第一千四十一章:公主突遇刺(1/2)
公主的車駕出現以後,四十餘隨從護衛立即呈扇形圍攏了過去,崔君相看著這個場面,連腸子都悔清了,但事已至此只能盡力補救,萬一得罪秦大夫的事被父親大人得知,還不得打折他的腿?
但崔君相馬上就沮喪的意識到,只怕被父親打折腿都是最輕的後果了,如果秦晉稍有一星半點記恨,只怕整個崔氏家族都要被連根拔起。
崔君相雖然姓崔,但他的家族與清河崔氏、博陵崔氏沒有半文錢關係,唯一有關係的就是同為崔姓,僅此而已。崔君相的曾祖父崔日用在武后時期發跡,曾輔佐唐玄宗發動唐隆政變,敘功被封為齊國公,任宰相。所以,崔日用家族也曾在唐玄宗執政初期顯赫一時,但崔日用死後,崔家就再沒有什麼可以稱道的人物,子嗣也都是在其蔭蔽下坐吃山空,到了崔君相這一輩,實際上他只能受蔭得一個開國縣伯的虛爵而已。
平日裡得罪了那些寒門子弟出身的官員,他並不以為意,可現在得罪的是全天下權力最大的人,怎麼可能當做什麼事都沒發生呢?
於是乎,崔君相打定了主意,一定要再親自與秦晉面對面的解釋一番,解釋自己只是有口無心而已。
至於秦晉,他根本就不關心崔君相的想法,車馬的行進速度不慢,很快就到了進錢,車廂的門帘被馭者挑開,裡面探出頭的正是壽安公主。
壽安與她的姐妹們在衣著打扮上有著很大的區別,大唐的公主向來追求雍容華美,唯獨她只略施粉黛,身上穿的也是再尋常不過的貴婦衣裳,不過依舊掩飾不住與生俱來的淡雅貴氣。

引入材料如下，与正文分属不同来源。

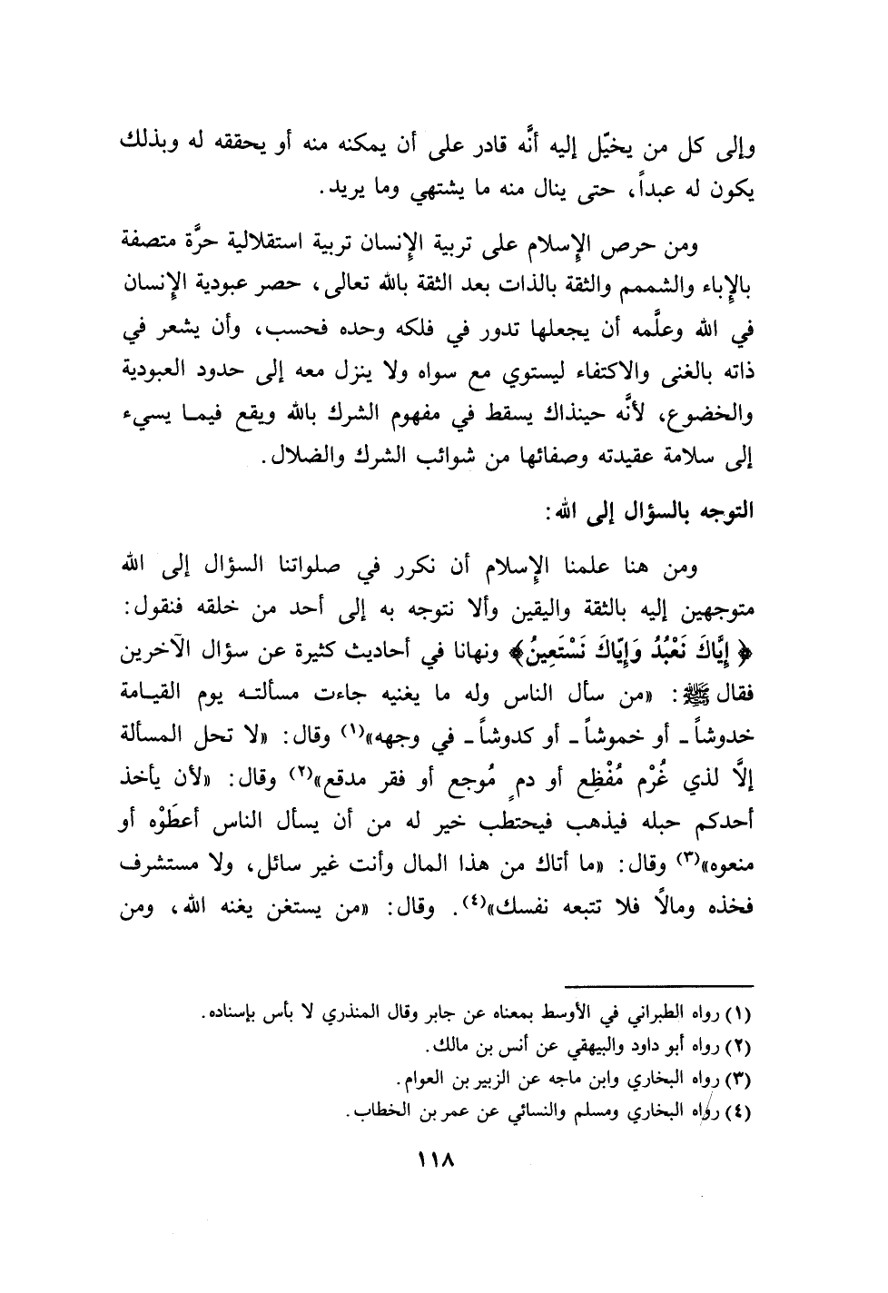 (إياك نعبد وإياك نستعين) ونهاا في أحاديث كثيرة عن سؤال الآخرين فقال صلى الله عليه وسلم:

將身子探出車廂後,壽安公主第一眼就看見了長身而立的秦晉,一雙眉目竟在不覺間濕潤了,模糊了。
「夫君……」
這一聲低呼,秦晉距離得遠,並沒有聽到。
與壽安同車的還有繁素夫人和秦晉的長子,只是大公子因為尚在襁褓之中,不宜見風,便由奶娘抱著留在了車中。壽安與繁素先後下了車,這大庭廣眾之下本不是夫妻重逢團聚的最佳場所,可壽安實在按捺不住對秦晉的思念,便不管不顧的下車了,繁素向來視壽安為主母,自然也是亦步亦趨的跟了下來。
提著裙裾,壽安一路小跑的奔向了秦晉,如果不是在長亭外,真想一頭就扎進夫君的懷裡,但她還是忍住了,在秦晉面前一步的距離停住了腳步。
「夫君,蟲娘回來了……」
雖然她現在貴為壽安公主,但在秦晉的面前,她永遠都是那個李蟲娘。
秦晉細細打量了一番,覺得壽安公主除了瘦一點,頭髮盤了起來,變化並不大。
「蟲娘,辛苦你了!」
「為了夫君,蟲娘做任何事都心甘情願,都不辛苦……」
眼淚從她的美目中滑落,想像過不知千次萬次的夫妻團聚,卻只是一句輕描淡寫的辛苦了。
壽安公主雖然還不滿二十,但卻是聰慧過人,她能夠感受到秦晉的冷淡和默然。
滿心的歡喜和激動此時都化作了委屈,眼淚就像斷了線的珠子一樣,噼里啪啦的滾落。
與壽安情緒的大起大落不同,跟在她身後的繁素卻是表情從容,雖然眸子裡也時時的流露出一絲絲欣喜,卻很快就被掩藏了,婀娜的見了一禮便規規矩矩的在壽安身邊安靜的站著。
秦晉點了點頭,道:
「一路上都辛苦了,上車吧,回到家中好生安歇!」
沒說幾句話,秦晉就將壽安和繁素攆上了車,兩個女人雖然地位性格不同,但卻都有一肚子話打算對夫君說,現在秦晉的態度如此冷淡,便都覺得委屈和傷心。
上了車,車身搖搖晃晃再次前進,壽安終於忍不住抱怨道:
「你我姐妹千里迢迢的來回來照顧他,卻只換回了幾句不冷不熱,不疼不癢的話,真是氣煞人也!」
繁素低聲道:
「公主不必難過,也許,也許是主君公事煩心,所以,所以……」
壽安在繁素麵前就不怎麼端著架子,顯露出了幾許真性情。